With a $135,000 grant from FRAXA Research Foundation from 2001-2003, Dr. Jerry Yin and his team at the University of Wisconsin researched memory formation in Fragile X fruit flies. Dr. Yin started his Fragile X studies at Cold Spring Harbor Laboratory before moving to the Waisman Center.
Project Summary
by Jerry Yin, 7/1/2003
My laboratory is interested in the molecular mechanisms of memory formation. We study the Drosophila (fruit fly) and mouse model systems. All animals can form memories that persist for various lengths of time. Long-term memories, which require new proteins to be made in brain cells, enlist cell-wide processes such as gene transcription and translation. While these processes occur in the cell body, most neuroscientists agree that the specificity of neuronal circuits requires changes in the individual synapses that define the circuit. Since mammalian nerve cells can contain thousands of synapses, how are individual synapses targeted when cell-wide changes such as gene expression occur? This problem is a central issue in the field of memory formation. We are trying to test whether FMRP is involved in the molecular mechanism of synaptic specificity. We use genetic and biochemical approaches in fruit flies to address this problem.
It is now clear that one of the major functions that the FMRP protein performs is to bind mRNA molecules in the cell. This binding is probably involved in the transport and regulation of usage (translation) of the mRNA. Recent work in a number of laboratories suggests that some of the mRNAs that the FMRP protein binds to are sent out of the nucleus, the site of their synthesis, to distant regions of the neuron where the sites of memories are likely to be located (synapses).
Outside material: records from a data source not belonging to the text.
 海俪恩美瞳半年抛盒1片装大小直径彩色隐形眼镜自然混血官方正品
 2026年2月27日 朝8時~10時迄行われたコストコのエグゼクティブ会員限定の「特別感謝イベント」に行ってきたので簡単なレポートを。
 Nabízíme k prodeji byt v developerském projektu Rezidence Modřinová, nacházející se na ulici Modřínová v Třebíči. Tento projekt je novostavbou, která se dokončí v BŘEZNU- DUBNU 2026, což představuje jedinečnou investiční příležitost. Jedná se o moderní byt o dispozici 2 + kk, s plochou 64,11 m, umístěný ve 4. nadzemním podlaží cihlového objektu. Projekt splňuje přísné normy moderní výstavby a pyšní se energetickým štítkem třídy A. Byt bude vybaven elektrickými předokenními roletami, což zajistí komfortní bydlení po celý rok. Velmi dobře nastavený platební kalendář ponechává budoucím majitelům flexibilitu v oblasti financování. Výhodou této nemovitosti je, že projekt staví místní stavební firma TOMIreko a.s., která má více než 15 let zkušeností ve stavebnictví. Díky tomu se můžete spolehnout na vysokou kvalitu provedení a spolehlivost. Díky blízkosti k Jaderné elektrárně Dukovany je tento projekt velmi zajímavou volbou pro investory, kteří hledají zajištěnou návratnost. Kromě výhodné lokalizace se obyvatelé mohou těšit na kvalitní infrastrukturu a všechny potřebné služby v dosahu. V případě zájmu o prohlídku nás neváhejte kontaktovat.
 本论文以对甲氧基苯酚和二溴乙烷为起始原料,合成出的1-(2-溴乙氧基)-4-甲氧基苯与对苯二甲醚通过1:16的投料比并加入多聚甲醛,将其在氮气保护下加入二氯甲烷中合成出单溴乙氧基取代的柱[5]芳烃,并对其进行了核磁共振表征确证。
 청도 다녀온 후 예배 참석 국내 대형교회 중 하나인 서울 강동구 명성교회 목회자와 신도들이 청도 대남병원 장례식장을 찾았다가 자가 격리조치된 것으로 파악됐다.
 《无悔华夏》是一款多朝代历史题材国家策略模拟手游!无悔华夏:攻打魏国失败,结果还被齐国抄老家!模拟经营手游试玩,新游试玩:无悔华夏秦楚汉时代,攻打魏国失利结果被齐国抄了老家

It is likely that neuronal activity at the synapse leads to the usage (translation) of various mRNAs at that synapse only, and that the Fragile X protein is somehow involved in this process. When the Fragile X protein is missing, the mRNA targets that it normally binds to are translated too frequently, and probably at the wrong places, resulting in the dysfunctions associated with the disease.
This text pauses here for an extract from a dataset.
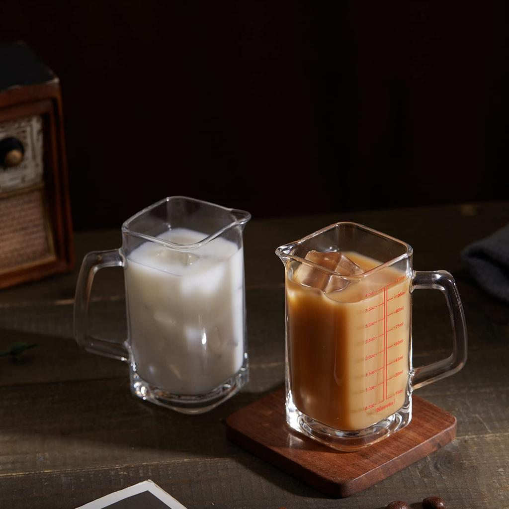 Square Measuring Cup Shot Glasses - 4oz with Glass Handle, V-Shaped Spout. Ideal for Espresso, Liquid Separation
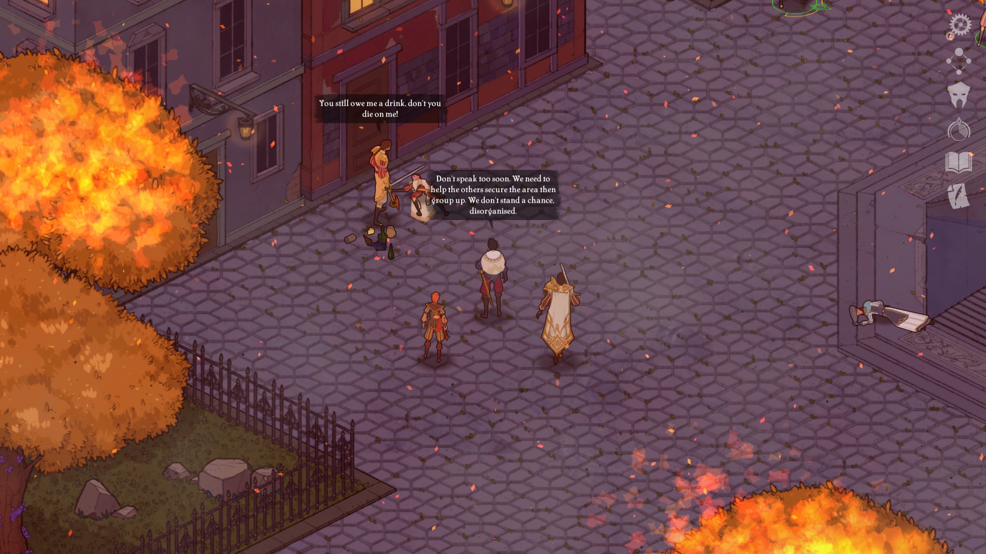 The other main aspect of this game is the combat. As I mentioned before, battles only take place at pre-determined points in the story. However, given that the game occurs during a war and there is the ever-present danger of the Fey, there is still plenty of call for combat throughout the story. Combat is somewhat similar to that of Baldur’s gate, with battles organically springing up and taking place on the regular environment. You can choose to control Cicero or any of your party members, position yourself to auto-attack or flank, utilize unlockable skills, and so on. One of the main defining features of Masquerada‘s combat is the tactical pause. As the name implies, this allows you to pause combat in order to gather your wits, scan the battlefield, and micromanage your team. Quite useful to get your squad back on track, since the party AI can be a bit fickle. The other unique feature is the elemental tag system, in which certain attacks can place a “tag” of their element on the target, and other attacks can activate that tag. Special effects are then triggered based on the combination of elements used. Full disclosure though: I didn’t really use the tags all that much, at least not intentionally. You can get by just fine without.

Our lab is interested in understanding what happens to the Fragile X protein during the process of translation. We hypothesize that in response to neuronal activity, it undergoes modifications, allowing the mRNA targets to be translated at the synapse that was just active. We are searching for these modifications that might modulate the activity of the protein, and are involved in “tethering” it to the active synapse. In addition, we are trying to understand the molecules that might be involved in this “tethering” process.